Autoradio Аўтарадыё

Minsk; Belarus;
- Frequency: 105.1 MHz

Programming
- Languages: Belarusian, Russian
- Format: Rock, Popular

Ownership
- Owner: Joint Stock Company "Autoradio"

History
- First air date: August 7, 1992
- Last air date: January 12, 2011
- Former frequencies: 67.7 MHz (1992–1994)

= Autoradio (Belarus) =

Autoradio (105.1 Minsk FM) was the first independent radio station in the independent Belarus. Autoradio was the first radio station in Belarus to broadcast after the Dissolution of the Soviet Union. It was broadcast from Minsk on the frequency 105.1 MHz from 7 August 1992 to 12 January 2011.

==History==
From the early 90s until January 1, 1995, Autoradio operated on the frequency 67.7 OIRT FM. The station played Belarusian music, such as the bands N.R.M., Krambambula, Lyapis Trubetskoy, and Neuro Dubel. At 12:40 p.m. on 12 January 2011, Autoradio's transmitting license was revoked and the station was shut down.

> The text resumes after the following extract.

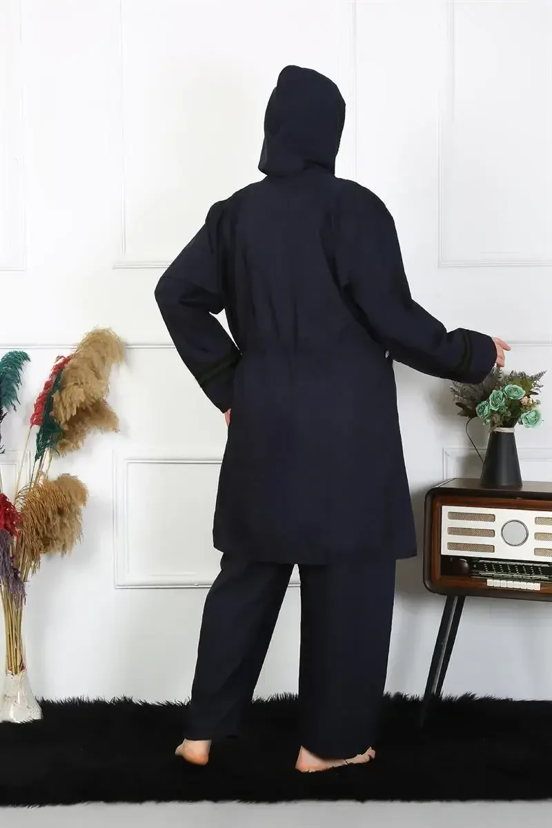 Большой Размер Скромный Купальник | Акбениз Темно-синий Купальник Размер 60-66 | Водонепроницаемый, Быстросохнущий
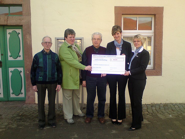 Unser Projekt "Regionales Brauchtums- und Frühlingsfest" in Bad Frankenhausen wird maßgeblich unterstützt von der Nordthüringer Volksbank eG. Die Spendenübergabe von 150 Euro erfolgte am 6. März 2013 in der Geschäftsstelle des BdV-RV Artern im Oberen Hof unmittelbar vor der Zusammenkunft des Regionalvorstandes.

The Republican Commission on Television and Radio led by Oleg Proleskovsky revoked Autoradio's license after the station broadcast campaign advertisements from the candidates Andrej Sańnikaŭ and Uładzimier Niaklajeŭ, who were opposing Alexander Lukashenko during the 2010 Belarusian presidential election.

The founder and editor-in-chief of Autoradio, Jury Bazan, died on September 24, 2016.